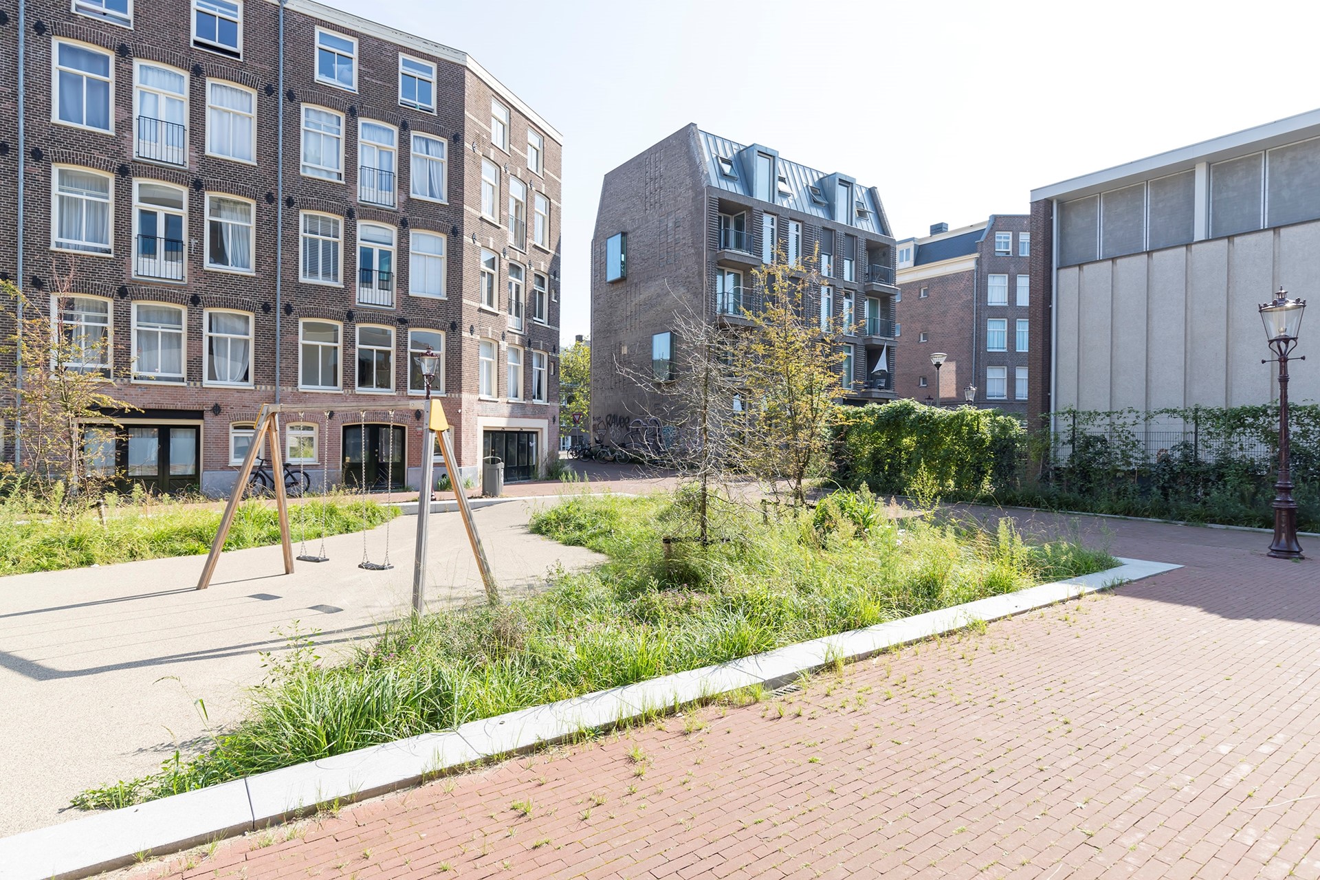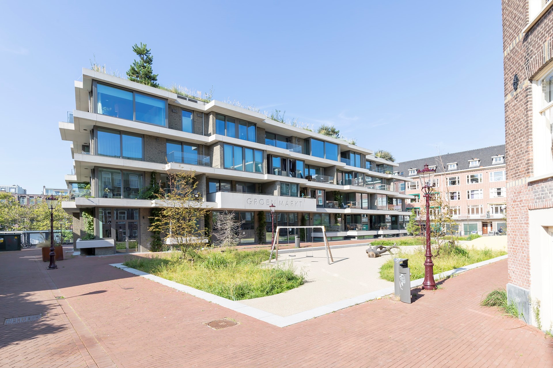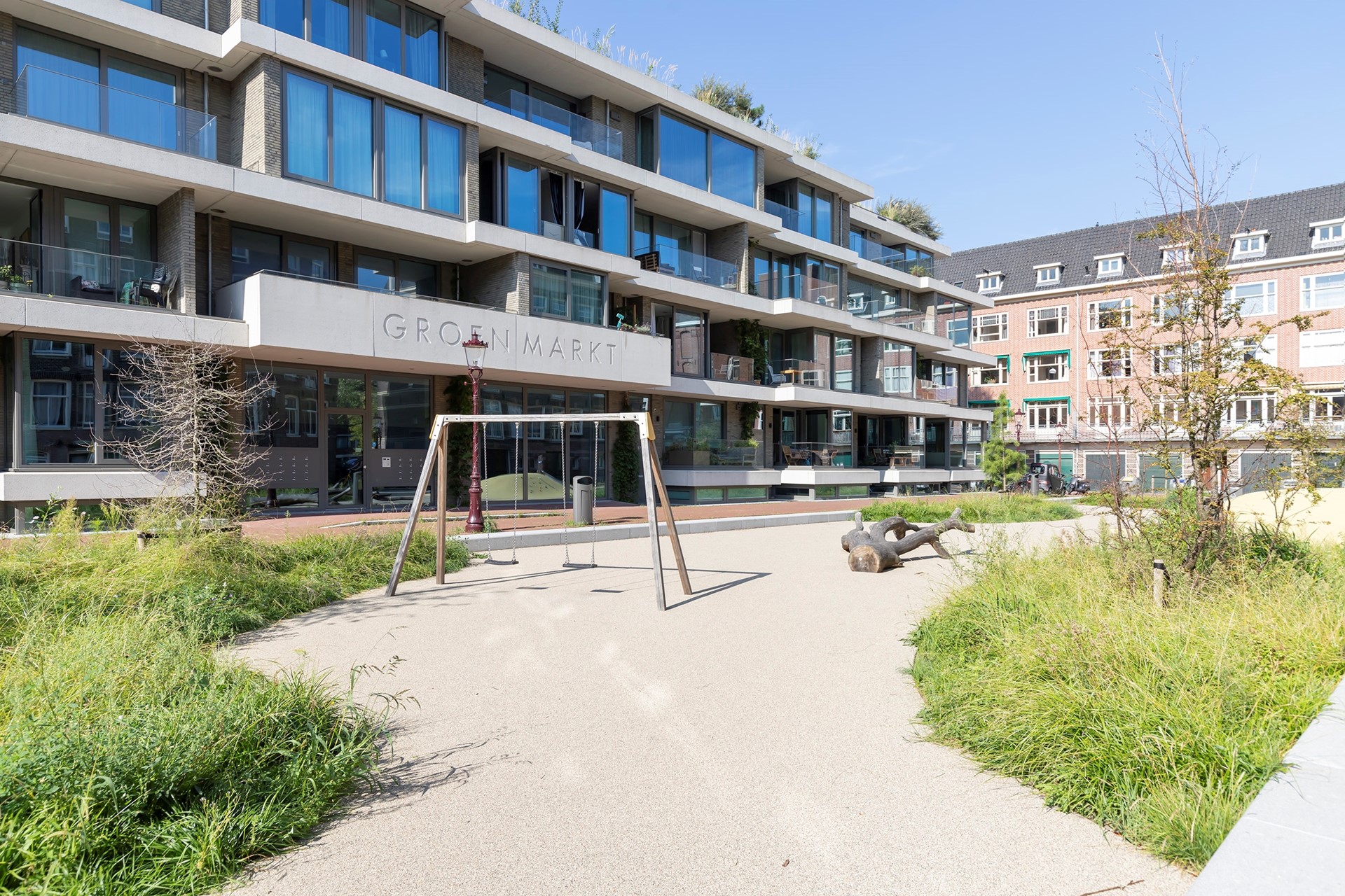 Groenmarkt. De naam zegt het al. Op deze mooie plek aan de Singelgracht kwamen vroeger – per boot – de groenten vanuit de polders de stad in gevaren. Spruiten, spitskool, witlof en prei! Alles 100% biologisch natuurlijk, want iets anders bestond nog helemaal niet. Supergezond. Architecten Bastiaan Jongerius en Ronald Janssen ontwierpen voor deze historische plek, samen met landschapsarchitect Harro de Jong, een nieuw Jordanees plein. Aan de Singelgracht een elegant, modern appartementengebouw met 35 appartementen inclusief 22 parkeerplaatsen in de ondergrondse garage en alle ruimte voor Moeder Natuur. Mooie terrassen met ‘doorgroeibare’ vloeren en plafonds, bijenhotels en zwaluwkastjes en dan op het dak – een spectaculair daklandschap met natuurzwembad, ‘strandhuis’ en gym voor alle bewoners.
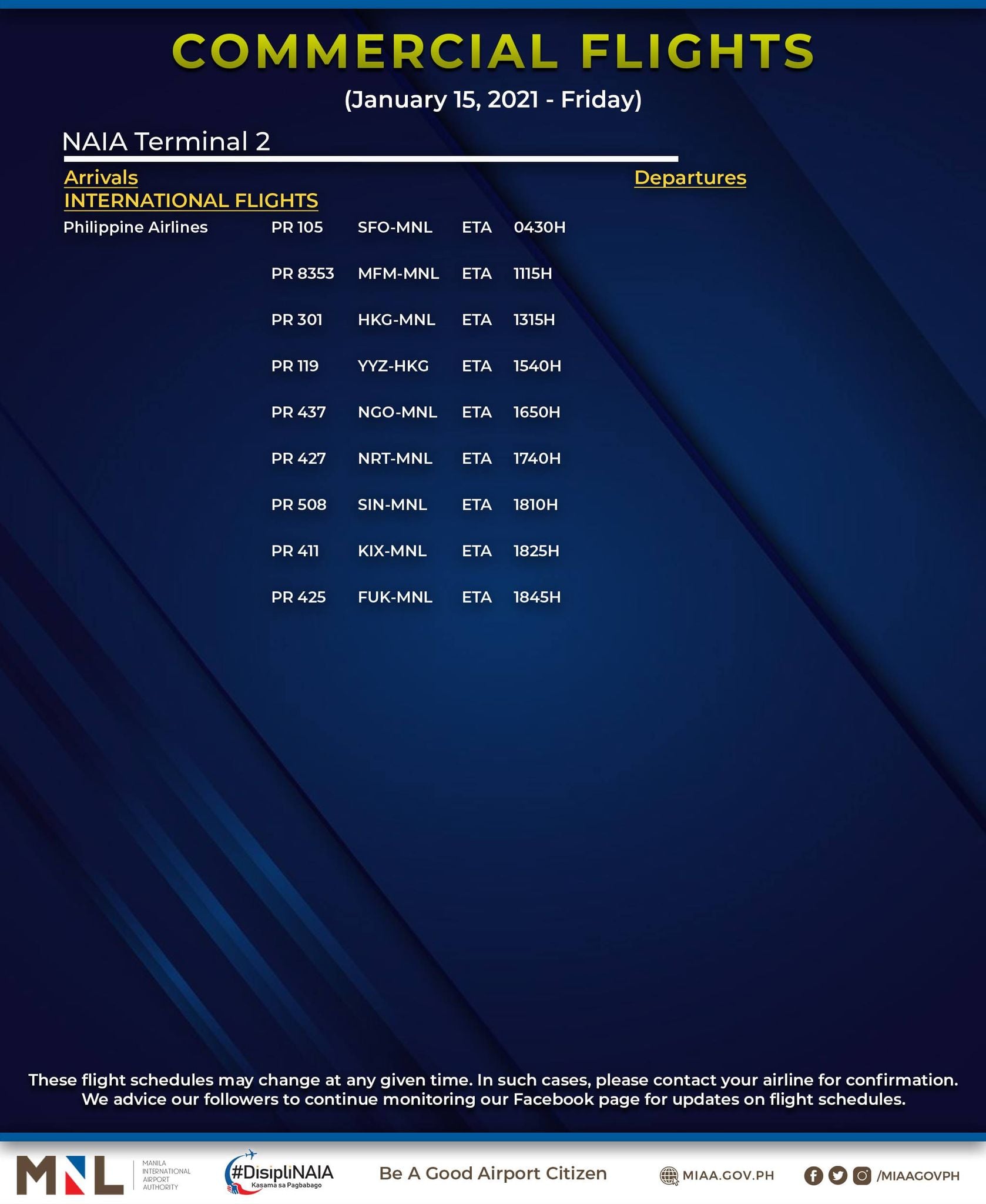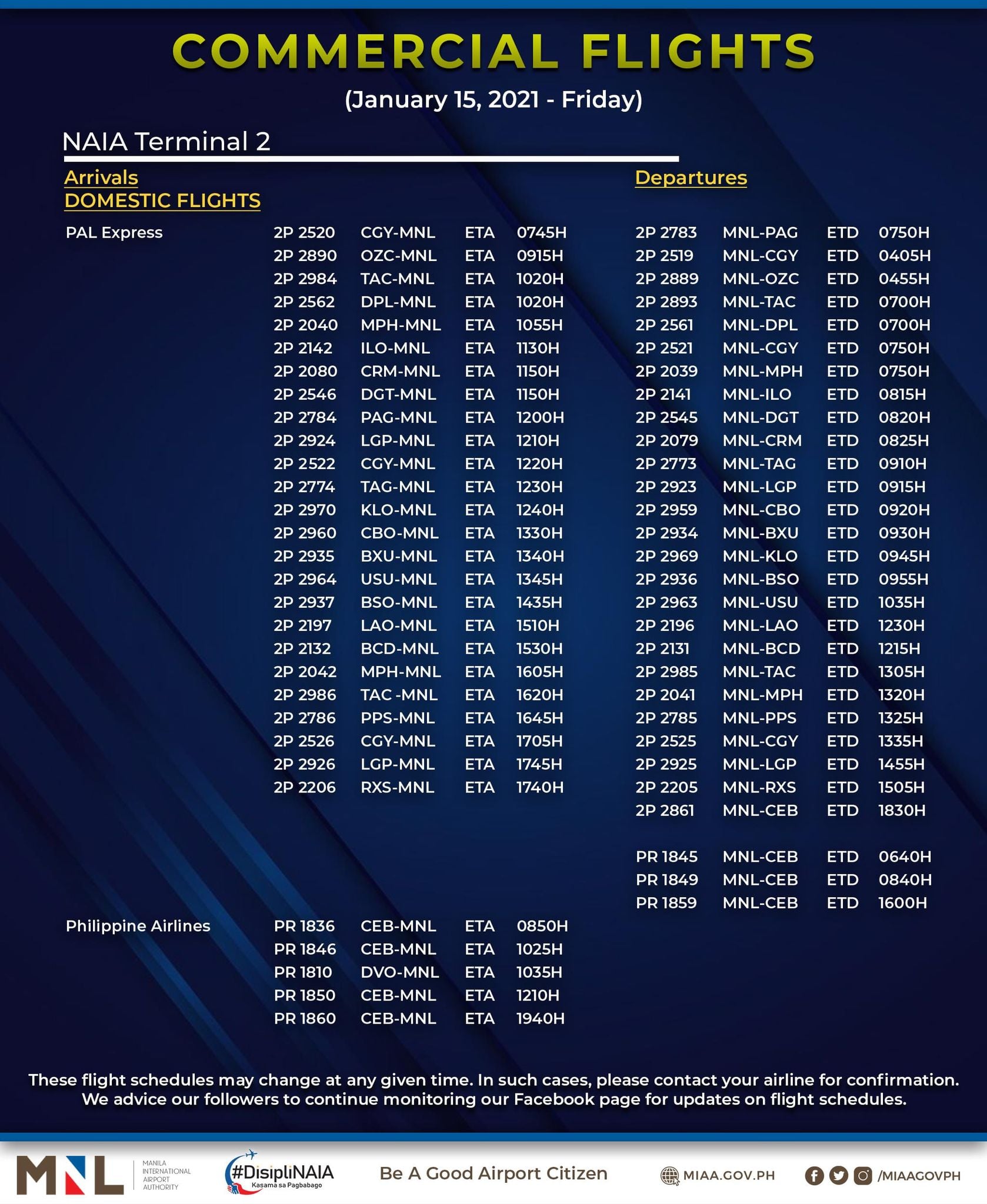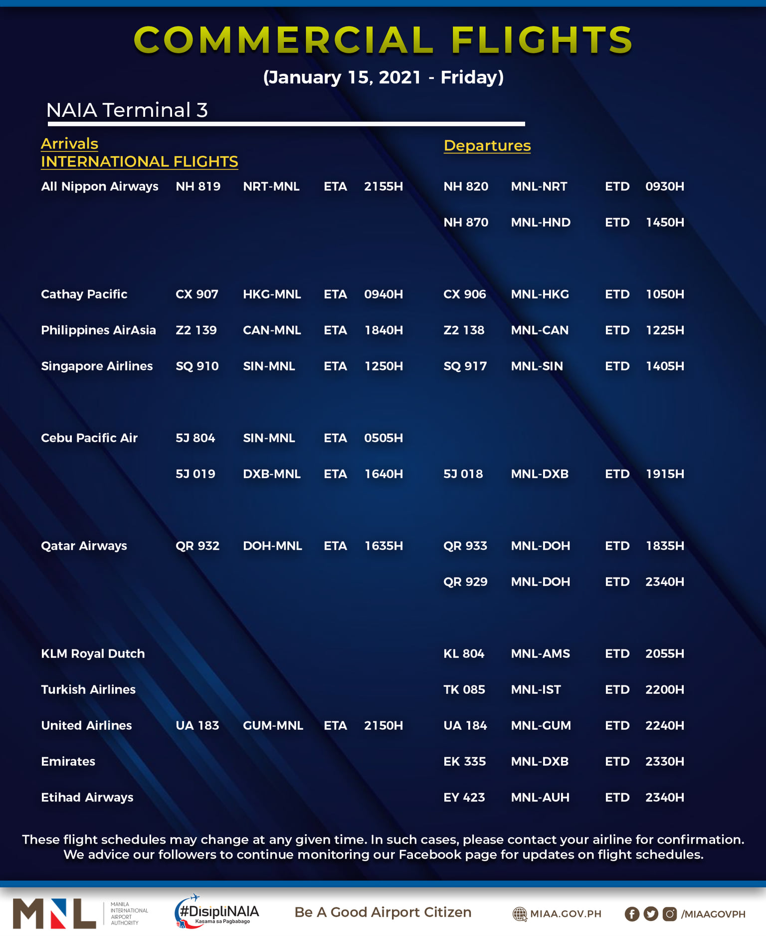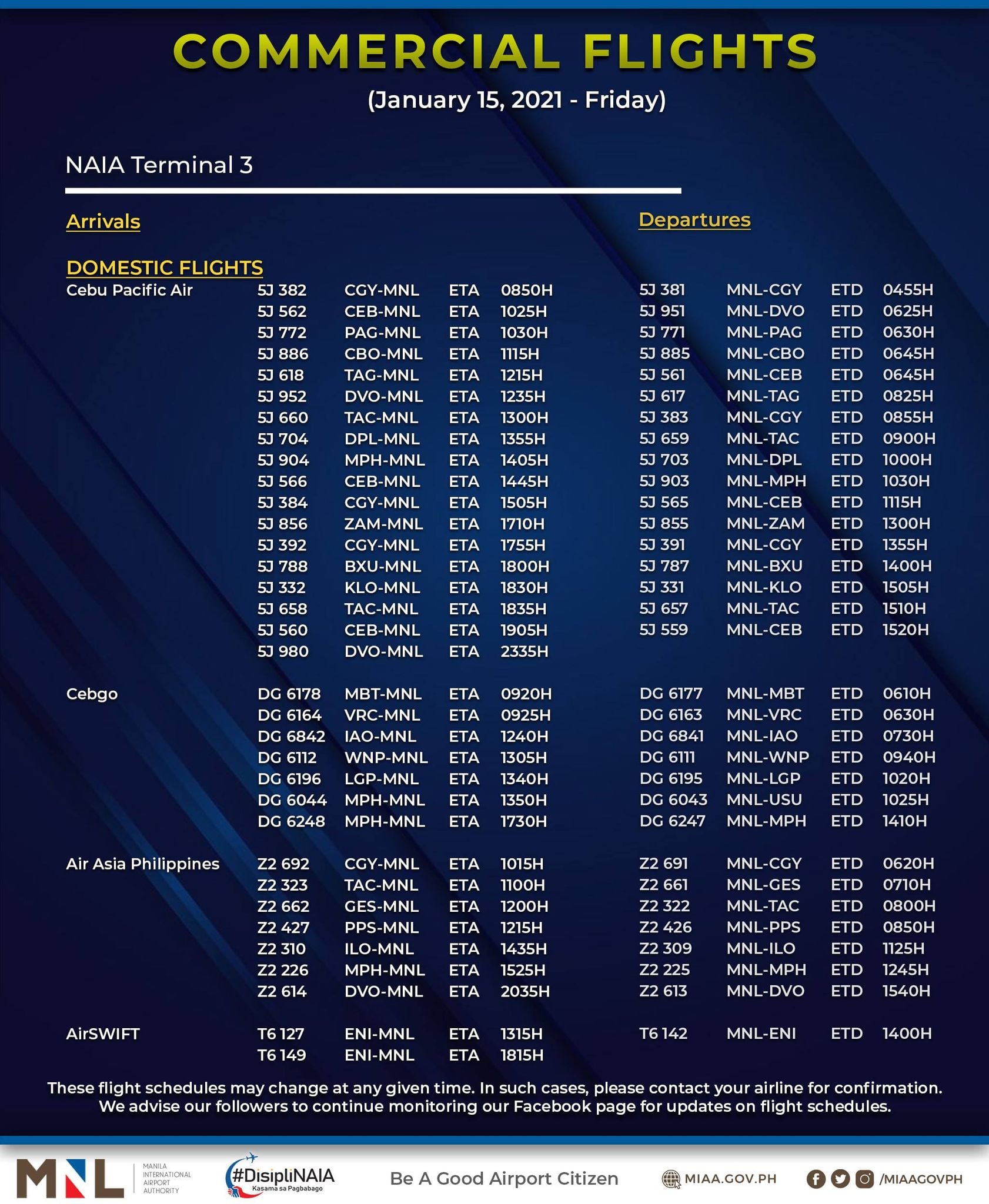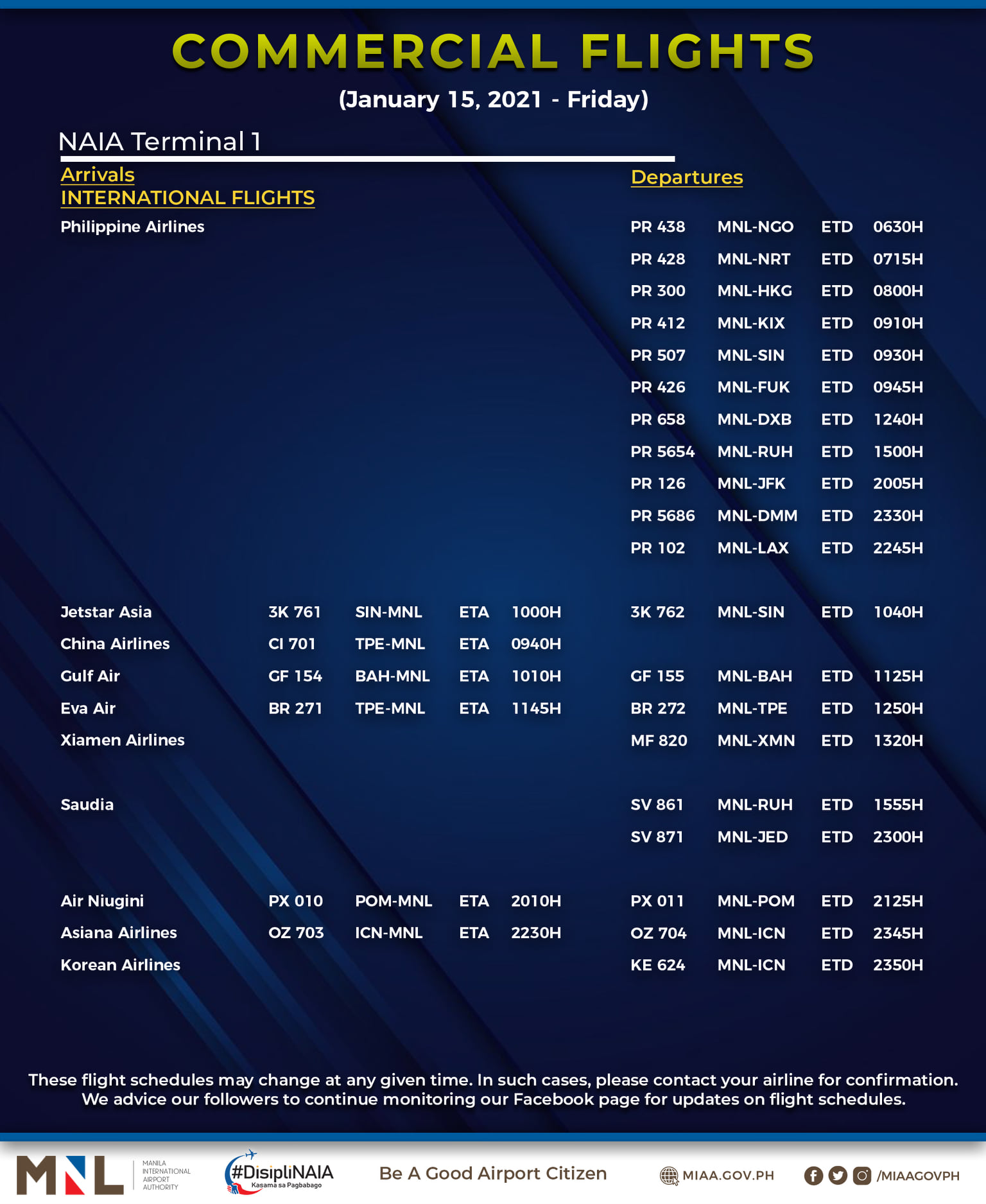 (Eagle News) — The Manila International Airport Authority has released its list of operational commercial flights for Friday, January 15:
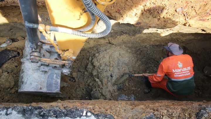 A Prefeitura de Manaus, por meio da Secretaria Municipal de Infraestrutura (Seminf), realiza mais uma obra no bairro Colônia Oliveira Machado, zona Sul da cidade. Na manhã desta terça-feira, 17/8, as equipes trabalham na recuperação de uma rede de drenagem profunda, com aproximadamente 10 metros de extensão, na rua Nossa Senhora da Conceição.
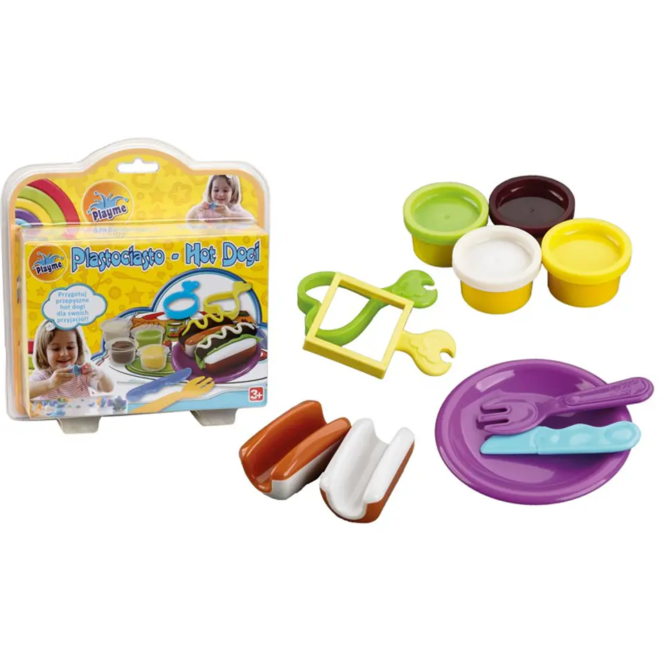 Plastociasto – mini Hot-Dog set from PLAYME. The set includes: 4 plastic containers and additional elements – molds, plate and cutlery. The toy develops the child's creativity and manual skills. The toy is made of high quality, non-toxic materials safe for children.

#### YOUR OBJECTIVE:
Repeat the listing above from its first line through the line that contains "(Eagle News) —", both included, and nothing more. Drop the pictures.

#### ANSWER BELOW:
 Groenmarkt. De naam zegt het al. Op deze mooie plek aan de Singelgracht kwamen vroeger – per boot – de groenten vanuit de polders de stad in gevaren. Spruiten, spitskool, witlof en prei! Alles 100% biologisch natuurlijk, want iets anders bestond nog helemaal niet. Supergezond. Architecten Bastiaan Jongerius en Ronald Janssen ontwierpen voor deze historische plek, samen met landschapsarchitect Harro de Jong, een nieuw Jordanees plein. Aan de Singelgracht een elegant, modern appartementengebouw met 35 appartementen inclusief 22 parkeerplaatsen in de ondergrondse garage en alle ruimte voor Moeder Natuur. Mooie terrassen met ‘doorgroeibare’ vloeren en plafonds, bijenhotels en zwaluwkastjes en dan op het dak – een spectaculair daklandschap met natuurzwembad, ‘strandhuis’ en gym voor alle bewoners.
 (Eagle News) — The Manila International Airport Authority has released its list of operational commercial flights for Friday, January 15:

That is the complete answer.